(Available data Opens)

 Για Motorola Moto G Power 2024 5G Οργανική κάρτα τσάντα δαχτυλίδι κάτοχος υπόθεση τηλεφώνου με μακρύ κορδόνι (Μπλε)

(Available data Closes)
(Available data Opens)

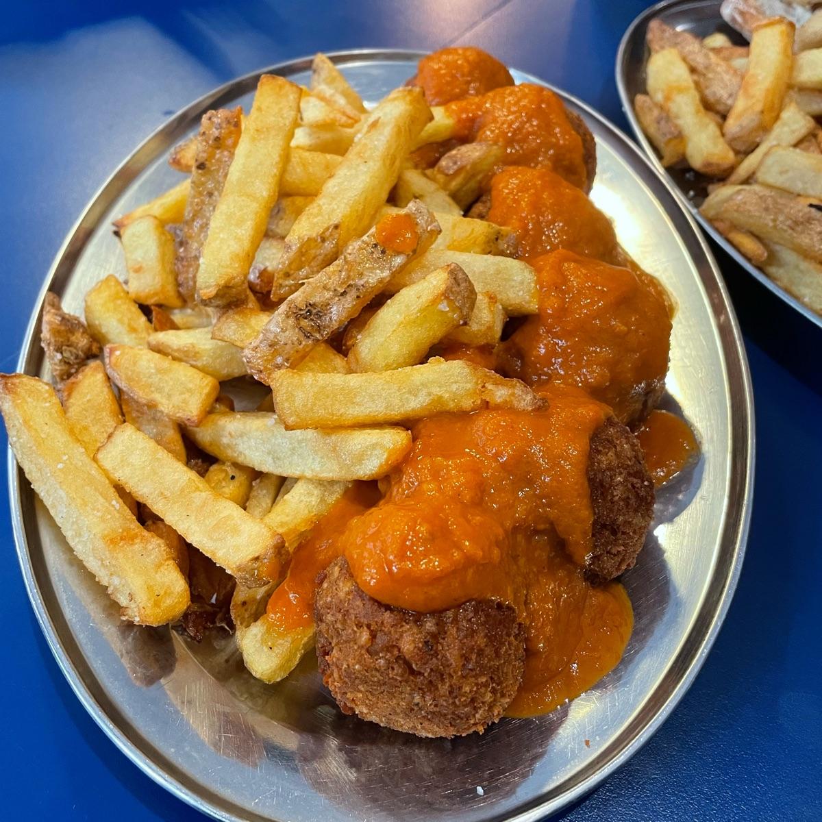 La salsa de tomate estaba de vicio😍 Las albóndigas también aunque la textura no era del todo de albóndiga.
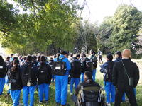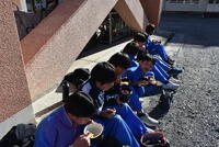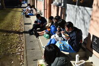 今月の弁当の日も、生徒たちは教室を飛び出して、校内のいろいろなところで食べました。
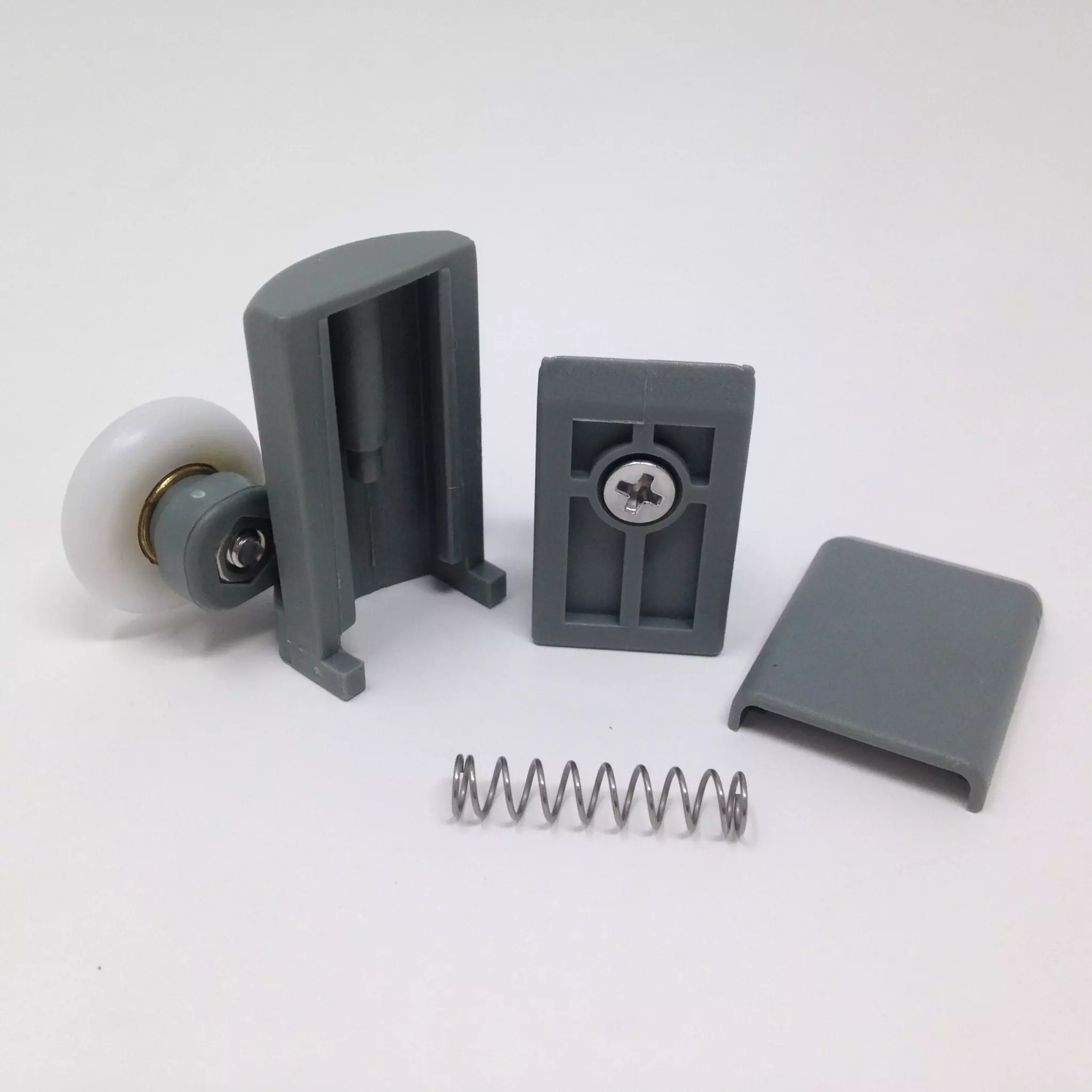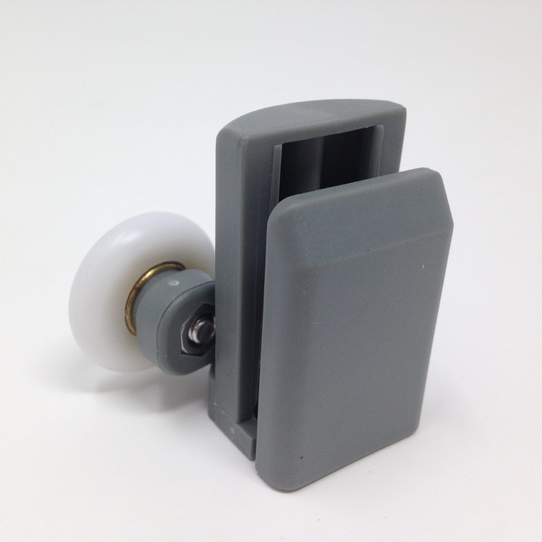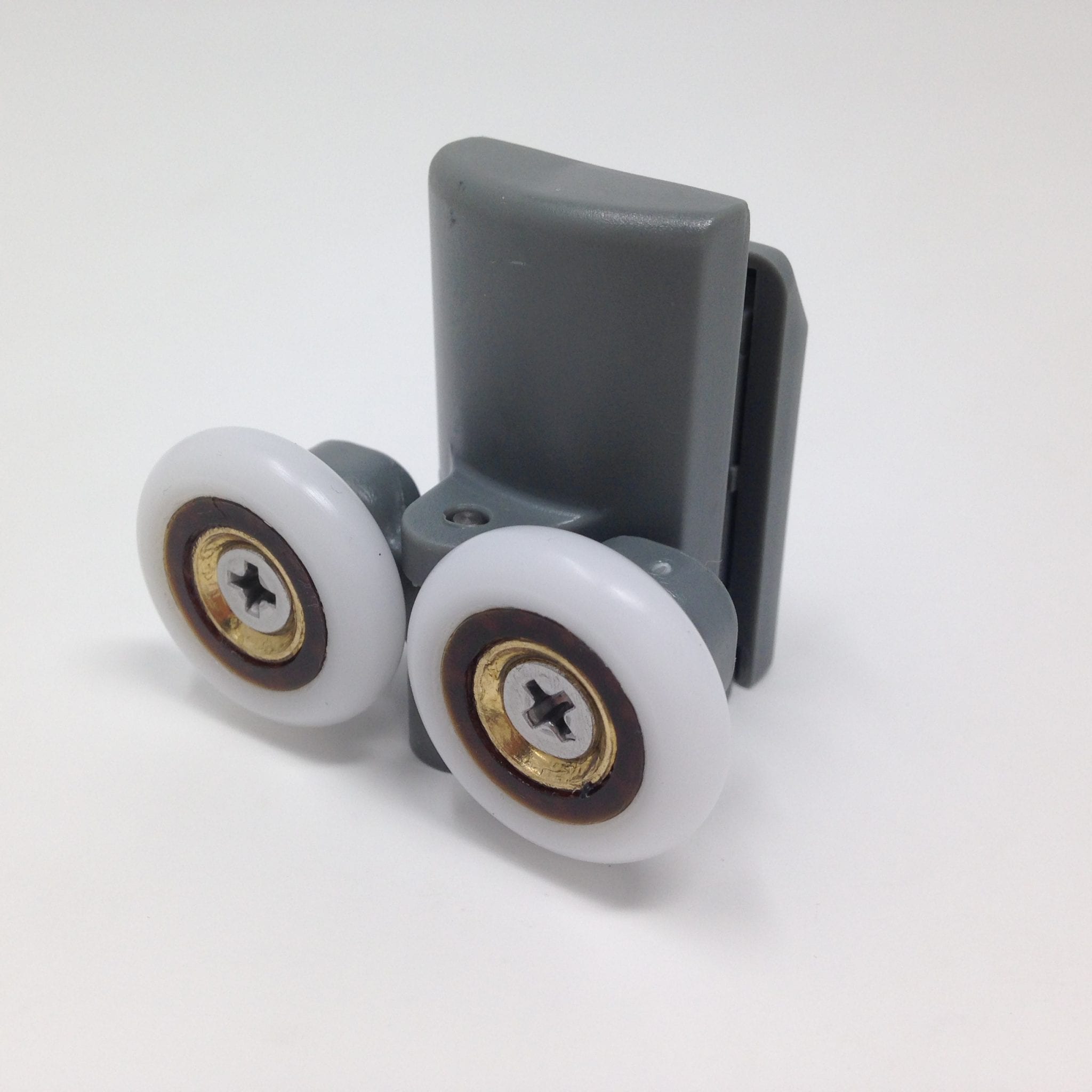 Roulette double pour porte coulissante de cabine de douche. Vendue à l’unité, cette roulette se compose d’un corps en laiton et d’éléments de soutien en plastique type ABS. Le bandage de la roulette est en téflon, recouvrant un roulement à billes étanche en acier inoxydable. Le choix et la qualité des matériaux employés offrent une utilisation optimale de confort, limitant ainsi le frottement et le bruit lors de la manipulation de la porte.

(Available data Closes)

→ Required action
No picture is to be printed. Output exactly the lines above from the line containing "La salsa de" through the line containing "今月の弁当の日も、生徒たちは".

→ Solution for this problem
 La salsa de tomate estaba de vicio😍 Las albóndigas también aunque la textura no era del todo de albóndiga.
 今月の弁当の日も、生徒たちは教室を飛び出して、校内のいろいろなところで食べました。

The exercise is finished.